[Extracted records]
------------------------------
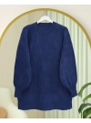 Soft Knit Tunic with Drawstring Sleeves and Stripes -Navy blue
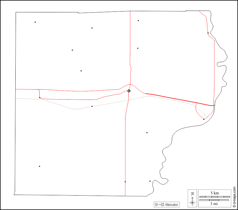 d-maps > United States of America (USA) > Illinois > Lawrence County > outline, main cities, roads, white
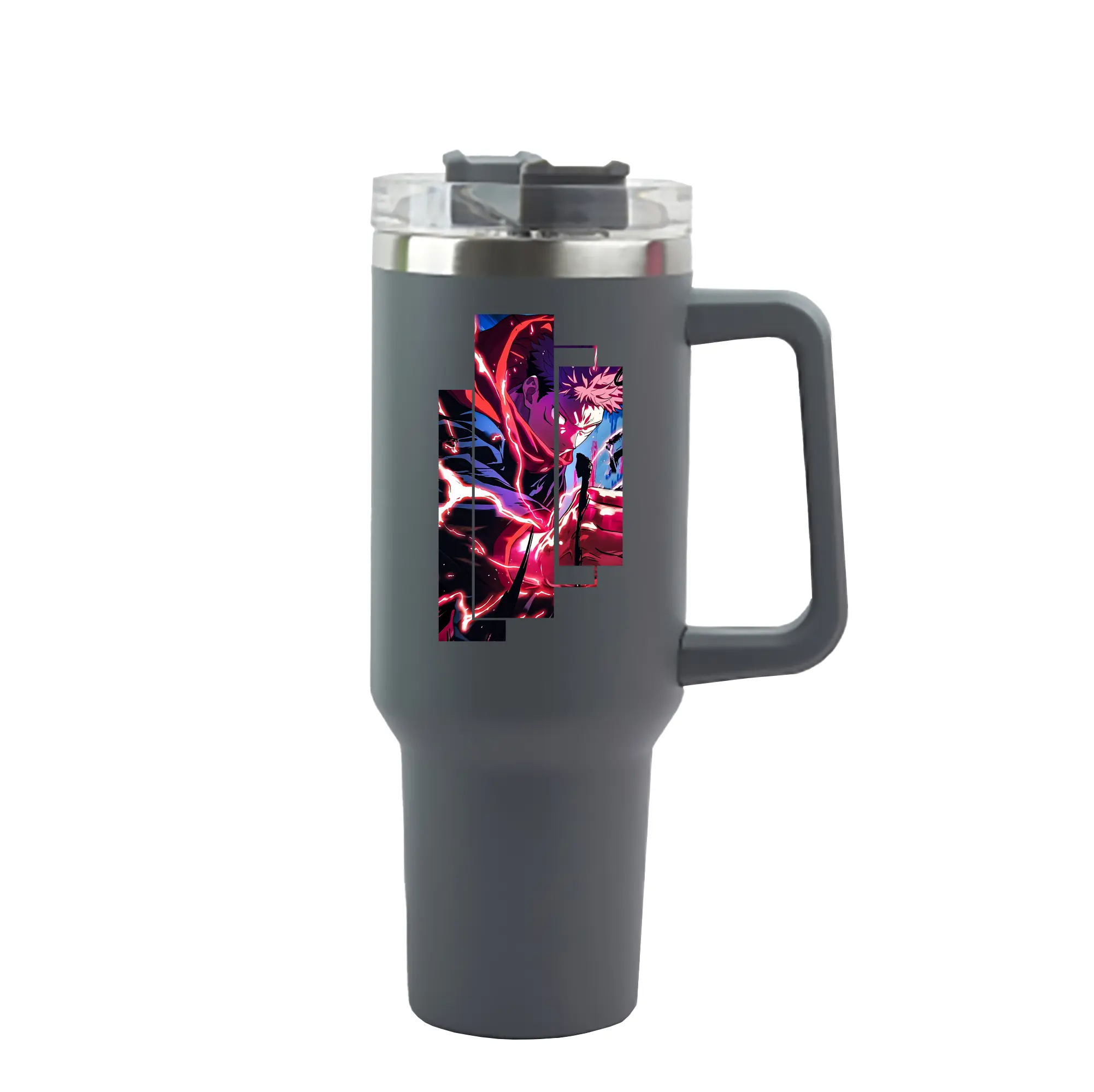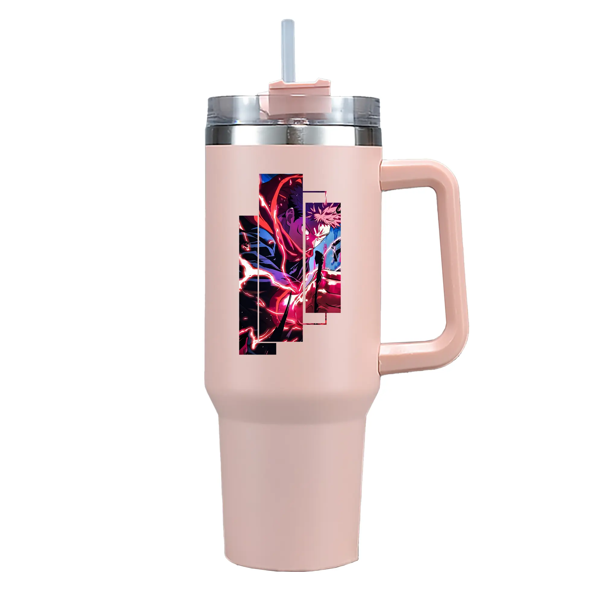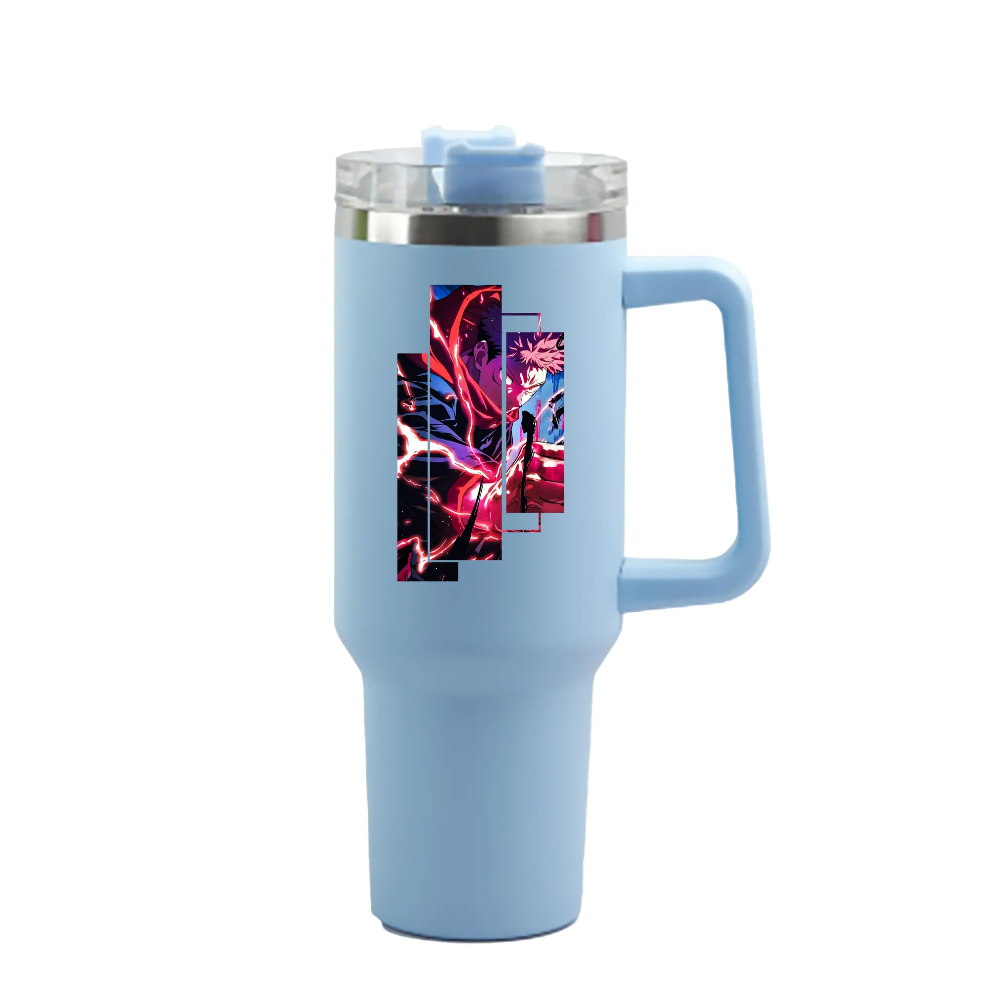 呪術廻戦 グッズ,虎杖 悠仁 - 1200mL 車用タンブラー ・ クリスタルステッカー ・ 304ステンレス 内側 ・ 201ステンレス 外側 ・ 保温 保冷 ・ ハンドル&ストロー付き ・ 通勤 ドライブ アウトドア用
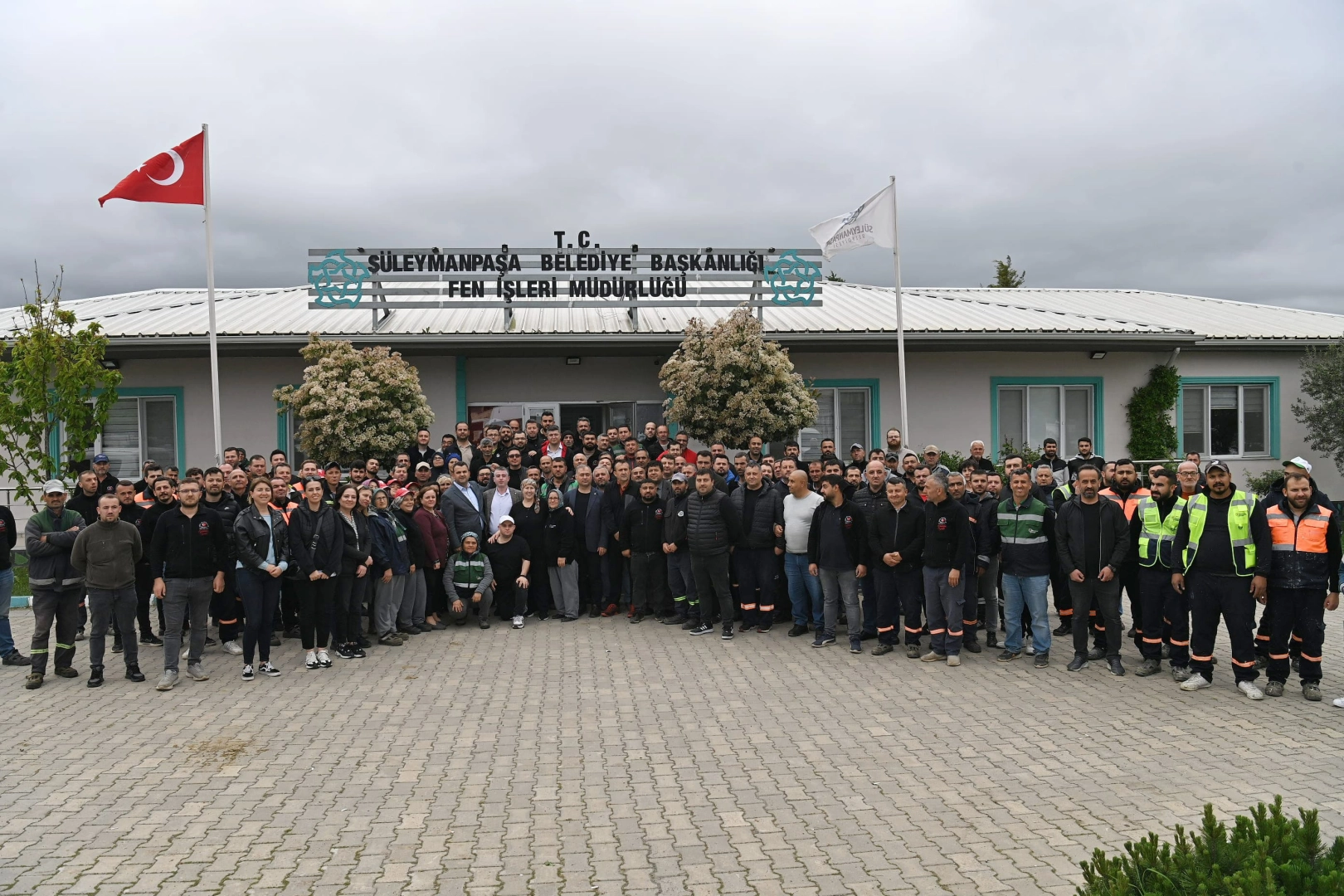 Fen İşleri Müdürlüğü Hizmet Binası önünde belediye emekçileri ile bir araya gelen Başkan Nallar, tek tek tüm çalışanların işçi bayramını kutladı. Başkan Nallar yaptığı konuşmada, “Hepinizin 1 Mayıs İşçi Bayramınızı kutluyorum. Haklarınızın sonuna kadar verildiği, emeklerinizin karşılıksız kalmadığı, herkesin adil bir şekilde çalıştığı güzel günleri hep birlikte yaşayacağız” dedi. “Sizlerin emekleri ile bu şehir çok güzelleşecek” Konuşmasına önümüzdeki günlerde yapılacak çalışmalar hakkında bilgi vererek devam eden Süleymanpaşa Belediye Başkanı Volkan Nallar, “Baharı bitirmek üzereyiz. Önümüz yaz. Bizim yapılacak çok işimiz var. Şehrimizin dört bir yanını kalkındırmak için mücadele verirken en önemli gücümüz sizlerin emekleri olacak. Her birinizin emeği için şimdiden teşekkür ediyorum. Sizlerin emekleri ile bu şehir çok güzelleşecek” diye konuştu. “Yaşasın 1 Mayıs” 1 Mayıs Emek ve Dayanışma Günü'nü kutlayan Başkan Nallar, “Durmadan, yorulmadan bu şehre hizmet etme aşkıyla emeğini, alın terini ortaya koyan her bir kardeşimin, ağabeyimin, ablamın, siz değerli emekçilerimizin 1 Mayıs Emek ve Dayanışma Günü’nü kutluyorum. Yaşasın 1 Mayıs” ifadelerini kullandı.
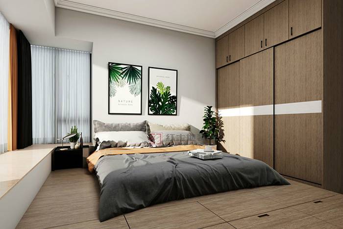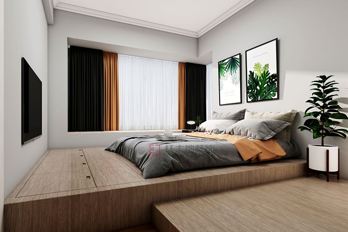 設(shè)計師巧用自然光營造家居舒適度,清晨大面積的陽光灑落,帶出光影層次,撲面而來的幸福感??臻g規(guī)劃實用合理,臥室榻榻米與嵌入式儲物柜經(jīng)典搭配,保證業(yè)主日常收納需求。
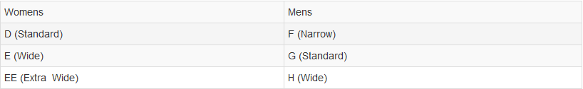 除了鞋的长度,宽度也是影响鞋子舒适度很主要的因素。还是拿Clarks的鞋子来说吧,他家就把宽度分红以下几个类型:
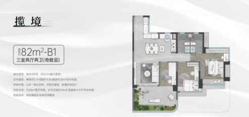 82㎡户型:奇数层户型为竖厅格局,客厅可以与次卧打通成为超大方厅,南向面宽达12.4米,空中花园面积为20㎡;偶数层户型的空中花园面积更大,达到24㎡。
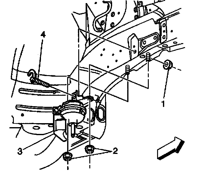 6. Remove the two nuts (2) securing the mount to the body frame rail.
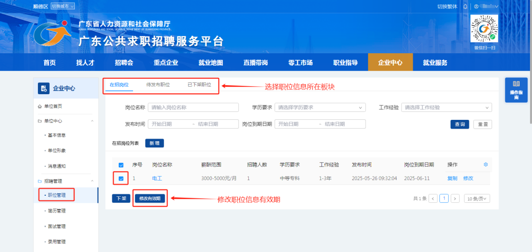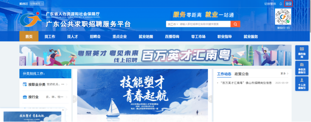 方法一:广东公共求职招聘服务平台→右上角“登录”→单位登录(企业账号密码登录)
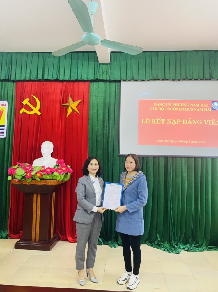 Chiều ngày 09/01/2024, Chi bộ trường THCS Nam Hải tổ chức kết nạp đảng viên đối với 02 quần chúng ưu tú cô giáo Vũ Thị Nhung, cô giáo Phạm Ngọc Anh là giáo viên tổ Khoa học Tự nhiên nhà trường.
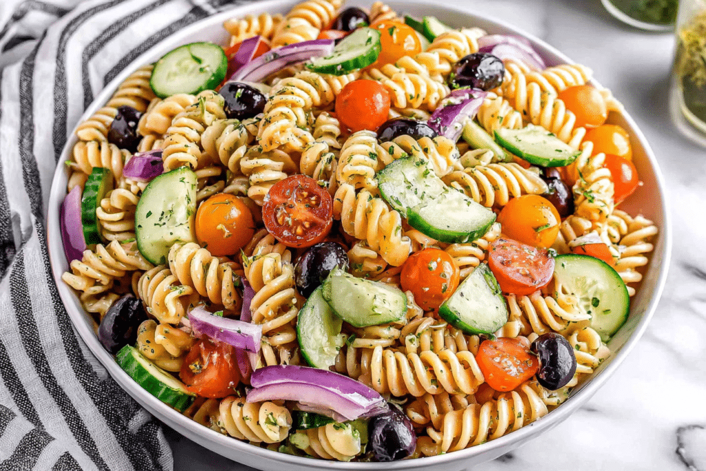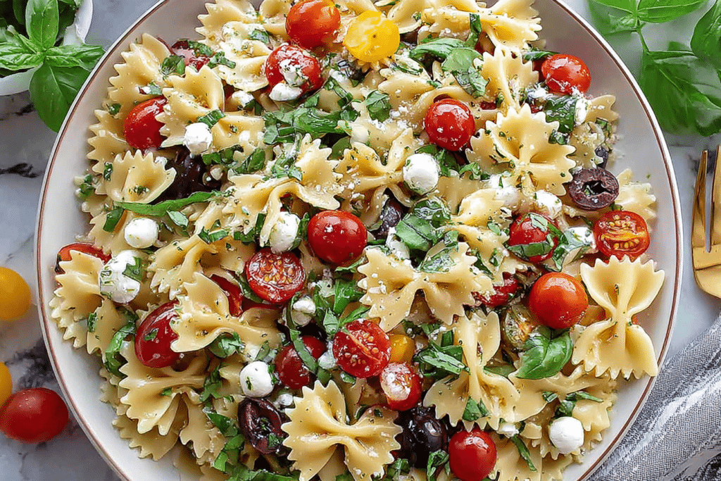 Italian Bow Tie Pasta Salad brings together tender farfalle pasta, crisp vegetables, savory add-ins, and a light Italian-style dressing in a chilled dish that works well for gatherings, lunches, and …
------------------------------
Pictures do not belong in the answer. Return the lines above starting at the one with "d-maps > United" and ending at the one with "Chiều ngày 09/01/2024, Chi", both kept, exactly.

 d-maps > United States of America (USA) > Illinois > Lawrence County > outline, main cities, roads, white
 呪術廻戦 グッズ,虎杖 悠仁 - 1200mL 車用タンブラー ・ クリスタルステッカー ・ 304ステンレス 内側 ・ 201ステンレス 外側 ・ 保温 保冷 ・ ハンドル&ストロー付き ・ 通勤 ドライブ アウトドア用
 Fen İşleri Müdürlüğü Hizmet Binası önünde belediye emekçileri ile bir araya gelen Başkan Nallar, tek tek tüm çalışanların işçi bayramını kutladı. Başkan Nallar yaptığı konuşmada, “Hepinizin 1 Mayıs İşçi Bayramınızı kutluyorum. Haklarınızın sonuna kadar verildiği, emeklerinizin karşılıksız kalmadığı, herkesin adil bir şekilde çalıştığı güzel günleri hep birlikte yaşayacağız” dedi. “Sizlerin emekleri ile bu şehir çok güzelleşecek” Konuşmasına önümüzdeki günlerde yapılacak çalışmalar hakkında bilgi vererek devam eden Süleymanpaşa Belediye Başkanı Volkan Nallar, “Baharı bitirmek üzereyiz. Önümüz yaz. Bizim yapılacak çok işimiz var. Şehrimizin dört bir yanını kalkındırmak için mücadele verirken en önemli gücümüz sizlerin emekleri olacak. Her birinizin emeği için şimdiden teşekkür ediyorum. Sizlerin emekleri ile bu şehir çok güzelleşecek” diye konuştu. “Yaşasın 1 Mayıs” 1 Mayıs Emek ve Dayanışma Günü'nü kutlayan Başkan Nallar, “Durmadan, yorulmadan bu şehre hizmet etme aşkıyla emeğini, alın terini ortaya koyan her bir kardeşimin, ağabeyimin, ablamın, siz değerli emekçilerimizin 1 Mayıs Emek ve Dayanışma Günü’nü kutluyorum. Yaşasın 1 Mayıs” ifadelerini kullandı.
 設(shè)計師巧用自然光營造家居舒適度,清晨大面積的陽光灑落,帶出光影層次,撲面而來的幸福感??臻g規(guī)劃實用合理,臥室榻榻米與嵌入式儲物柜經(jīng)典搭配,保證業(yè)主日常收納需求。
 除了鞋的长度,宽度也是影响鞋子舒适度很主要的因素。还是拿Clarks的鞋子来说吧,他家就把宽度分红以下几个类型:
 82㎡户型:奇数层户型为竖厅格局,客厅可以与次卧打通成为超大方厅,南向面宽达12.4米,空中花园面积为20㎡;偶数层户型的空中花园面积更大,达到24㎡。
 6. Remove the two nuts (2) securing the mount to the body frame rail.
 方法一:广东公共求职招聘服务平台→右上角“登录”→单位登录(企业账号密码登录)
 Chiều ngày 09/01/2024, Chi bộ trường THCS Nam Hải tổ chức kết nạp đảng viên đối với 02 quần chúng ưu tú cô giáo Vũ Thị Nhung, cô giáo Phạm Ngọc Anh là giáo viên tổ Khoa học Tự nhiên nhà trường.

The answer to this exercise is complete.